■ Task material
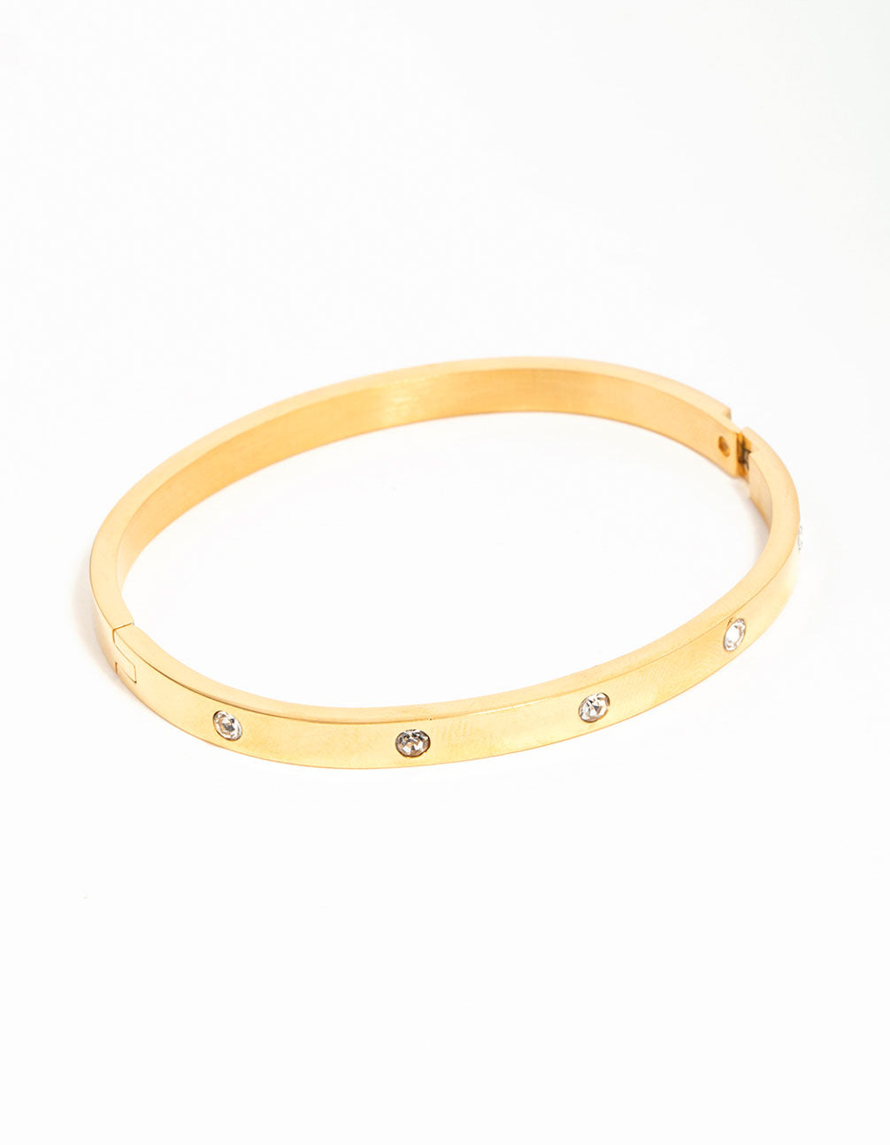 Waterproof Gold Plated Stainless Steel Diamante Hinged Bangle
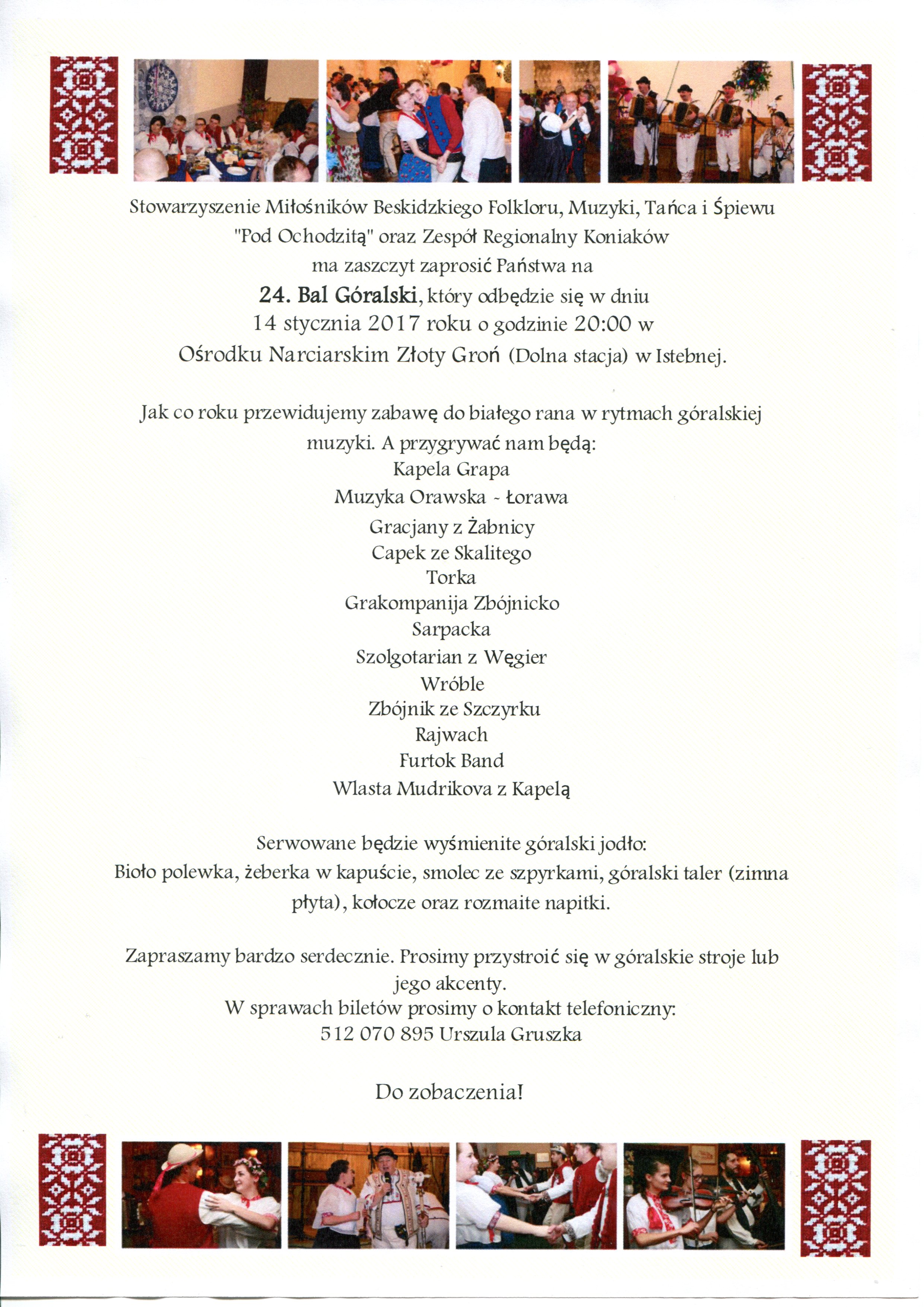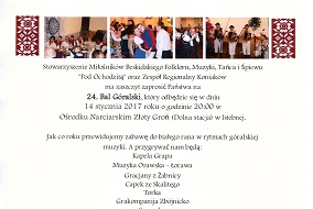 Uś teraz Was wśeckich pieknie pytomy na XXIV Bal Górolski, kiery łodbeje sie 14 stycznia 2017 roku.
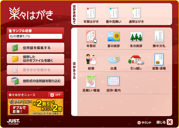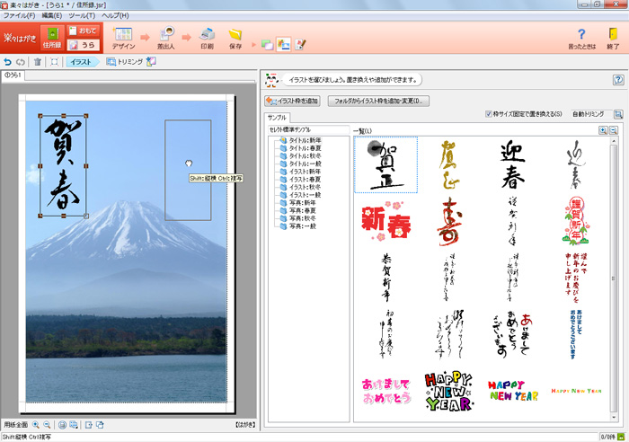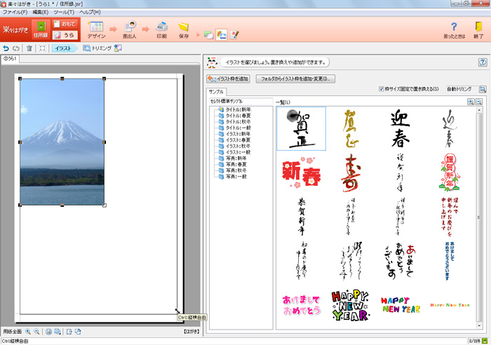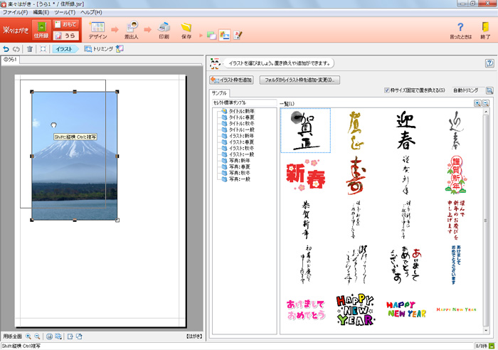 | 本書の付属DVD-ROMに収録されているはがきデータを楽々はがき
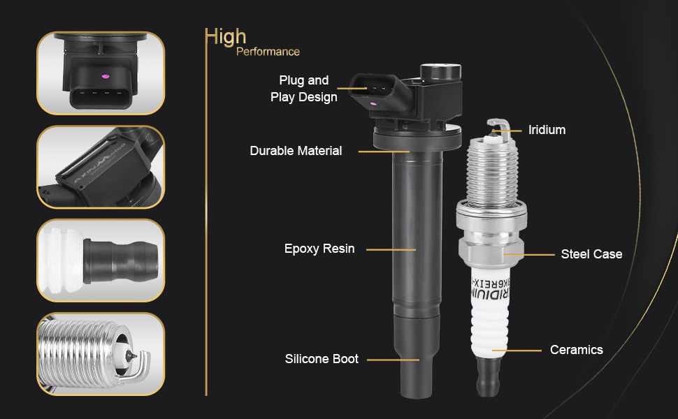 Extreme-Quality Materials - Crafted from Extreme-Quality materials, our ignition coils are built to withstand extreme temperatures and harsh conditions. they offer exceptional durability, ensuring durability and long-lasting performance, keep your engine firing at its best for years to come.
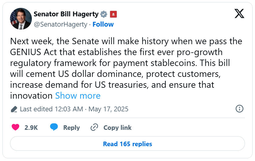 The US Senate will hold a second vote Monday on the GENIUS Act, after the stablecoin bill failed to advance earlier this month. Senator Bill Hagerty said the chamber is “set to make history,” with bipartisan sponsors confident the revised language can win enough support.
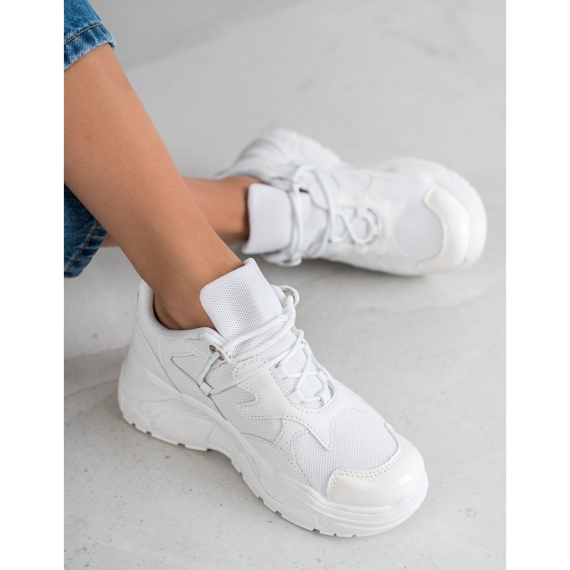 La semelle des baskets, haute de 5 cm, en matière synthétique, garantit non seulement une bonne adhérence grâce à la bande de roulement, mais assure également une isolation efficace du sol. Grâce à leur style décontracté et sportif, les baskets blanches de Small Swan s'adaptent parfaitement à une variété de styles, des jeans aux leggings de sport.
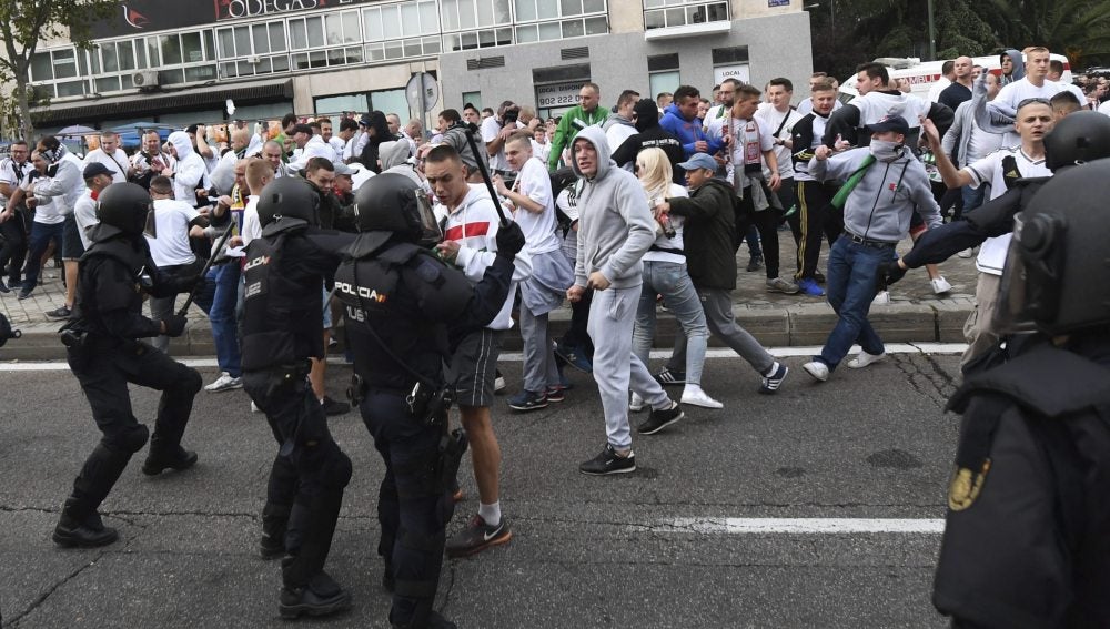 Agentes de la Policía Nacional han detenido a trece hinchas del Legia de Varsovia por provocar incidentes antes y después del duelo ante el Real Madrid en el Bernabéu. En los enfrentamientos han resultado heridas ocho personas: cinco seguidores del Legia y tres policías -dos nacionales y uno municipal-.
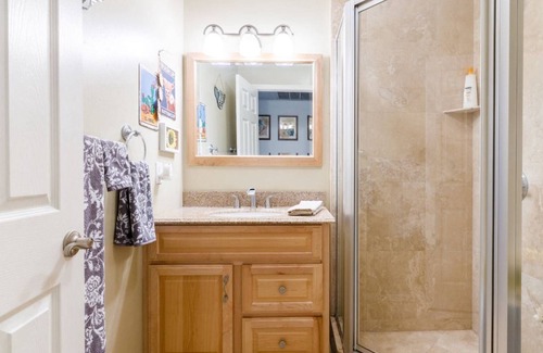 The spacious master bedroom features a King size bed, 43” Smart TV (streaming services only), walk in closet and private bathroom with single sink and tub/shower combo. The first guest bedroom features a bunk bed (2 twin size beds) and a day bed (2 twin size beds), the second bedroom features a Queen size bed. The Guest bathroom has a single sink and walk in shower.
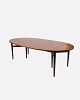 Stort ovalt spisebord designet af Arne Vodder og produceret af Sibast Møbelfabrik i 1960’erne. Bordet er udført i teaktræ og der lavet 2 tillægsplader á 50cm som følger med til bordet.
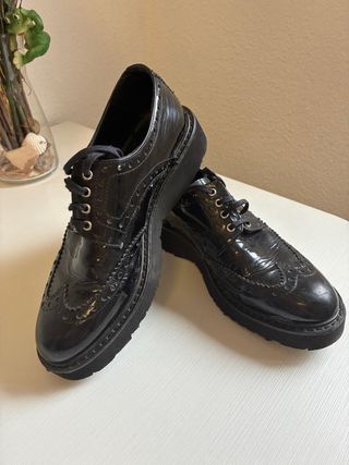 Zapatillas estilo Oxford con acabado charol. - Diseño con cordones. - Suela gruesa. - Detalle de picado decorativo.
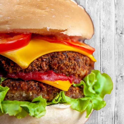 175g of homemade beef, seasoned to perfection topped with mozzarella cheese, sliced cheddar cheese, lettuce, pickled cucumber & tomatoes
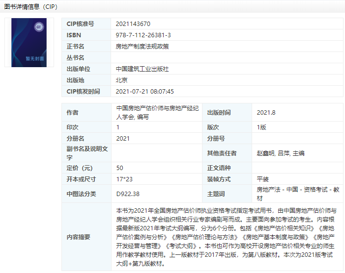 2021年房地產(chǎn)估價(jià)師考生注意啦!小編從中央宣傳部出版物數(shù)據(jù)中心了解到,2021年房地產(chǎn)估價(jià)師考試教材仍然分為5本:
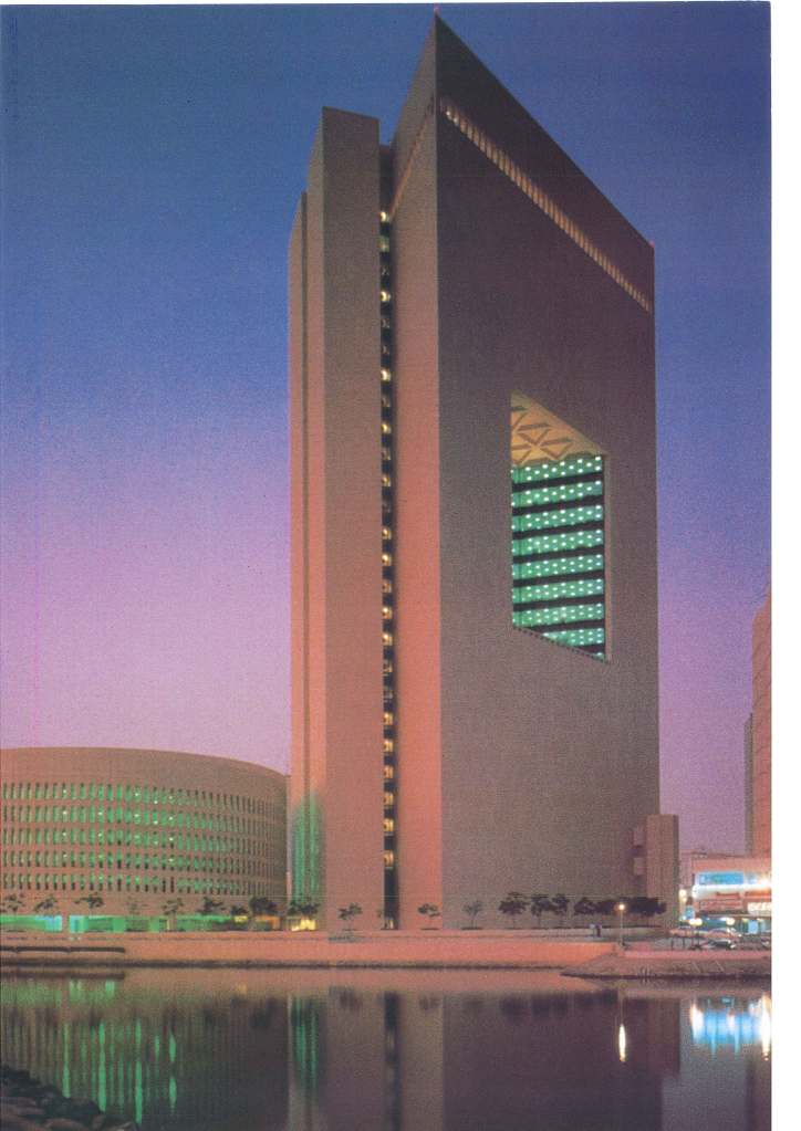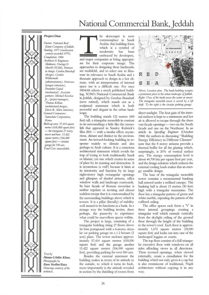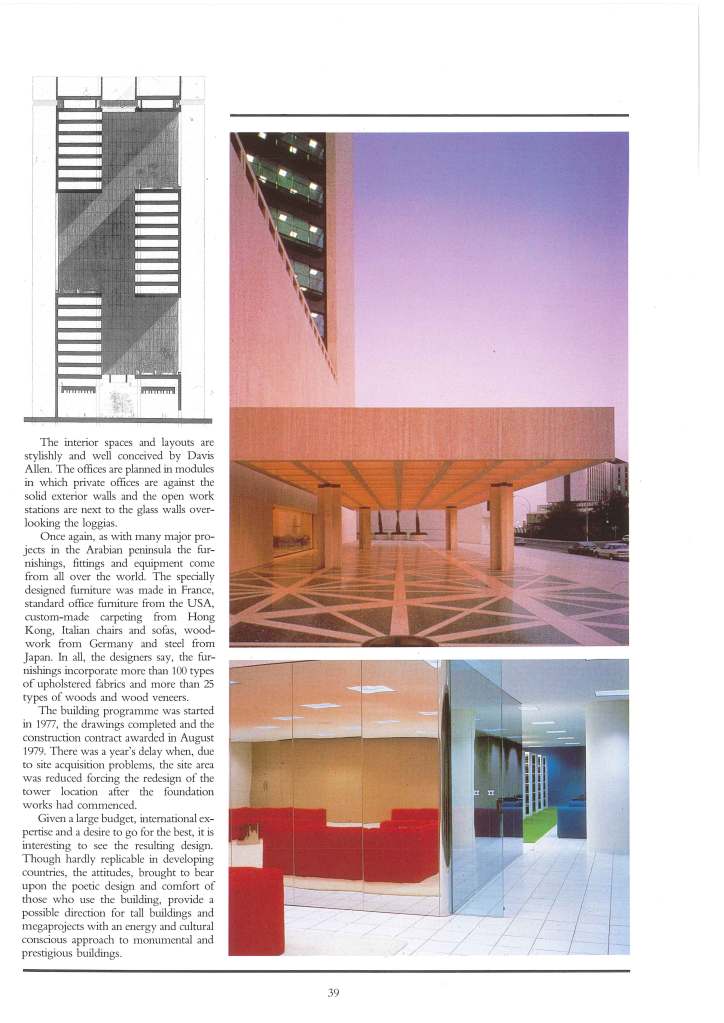 Continuing our archives series, posting articles on projects in Jeddah by international architects and firms. This article on the NCB Tower by SOM was featured in MIMAR issue 16, published in April-June 1985. The building programme for the NCB tower commenced in 1977, with the drawings completed and the construction contract awarded in August 1979. There was a year’s delay when, due to site acquisition problems, the site area was reduced, forcing the redesign of the tower location after the foundation works had commenced. It is worth noting that the interior design for this one-of-a-kind office building was conceived and developed by then SOM partner, Davis Allen. Allen had joined SOM in 1950. He became a partner in 1965 and remained at SOM until his retirement in 1990.
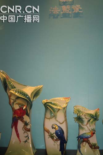 “你看,它大量運用花草鳥獸的一個方式在產品里面,你買這組產品回去,等于把大自然帶回去。還能喚起大家重視環保。尤其很多人會送這個竹子花瓶給朋友,希望他節節高升!……” 外觀精美,氣質優雅,又被賦予這么多內涵,深受海內外政商名流青睞的臺灣法藍瓷果然名不虛傳。公司品牌公關經理李建鎰說,在全球53個國家成功開拓6000多個營銷點后,公司已經在廈門設立大中華區營銷中心,發力大陸市場:“隨著經濟的起飛,人民越來越富裕的情況下,對于這種產品的需求我相信會越來越高。”

■ What you need to do
From the first line above down to the line with "The spacious master", reproduce every line and no others, omitting pictures.

■ Answer to this exercise
 Waterproof Gold Plated Stainless Steel Diamante Hinged Bangle
 Uś teraz Was wśeckich pieknie pytomy na XXIV Bal Górolski, kiery łodbeje sie 14 stycznia 2017 roku.
 | 本書の付属DVD-ROMに収録されているはがきデータを楽々はがき
 Extreme-Quality Materials - Crafted from Extreme-Quality materials, our ignition coils are built to withstand extreme temperatures and harsh conditions. they offer exceptional durability, ensuring durability and long-lasting performance, keep your engine firing at its best for years to come.
 The US Senate will hold a second vote Monday on the GENIUS Act, after the stablecoin bill failed to advance earlier this month. Senator Bill Hagerty said the chamber is “set to make history,” with bipartisan sponsors confident the revised language can win enough support.
 La semelle des baskets, haute de 5 cm, en matière synthétique, garantit non seulement une bonne adhérence grâce à la bande de roulement, mais assure également une isolation efficace du sol. Grâce à leur style décontracté et sportif, les baskets blanches de Small Swan s'adaptent parfaitement à une variété de styles, des jeans aux leggings de sport.
 Agentes de la Policía Nacional han detenido a trece hinchas del Legia de Varsovia por provocar incidentes antes y después del duelo ante el Real Madrid en el Bernabéu. En los enfrentamientos han resultado heridas ocho personas: cinco seguidores del Legia y tres policías -dos nacionales y uno municipal-.
 The spacious master bedroom features a King size bed, 43” Smart TV (streaming services only), walk in closet and private bathroom with single sink and tub/shower combo. The first guest bedroom features a bunk bed (2 twin size beds) and a day bed (2 twin size beds), the second bedroom features a Queen size bed. The Guest bathroom has a single sink and walk in shower.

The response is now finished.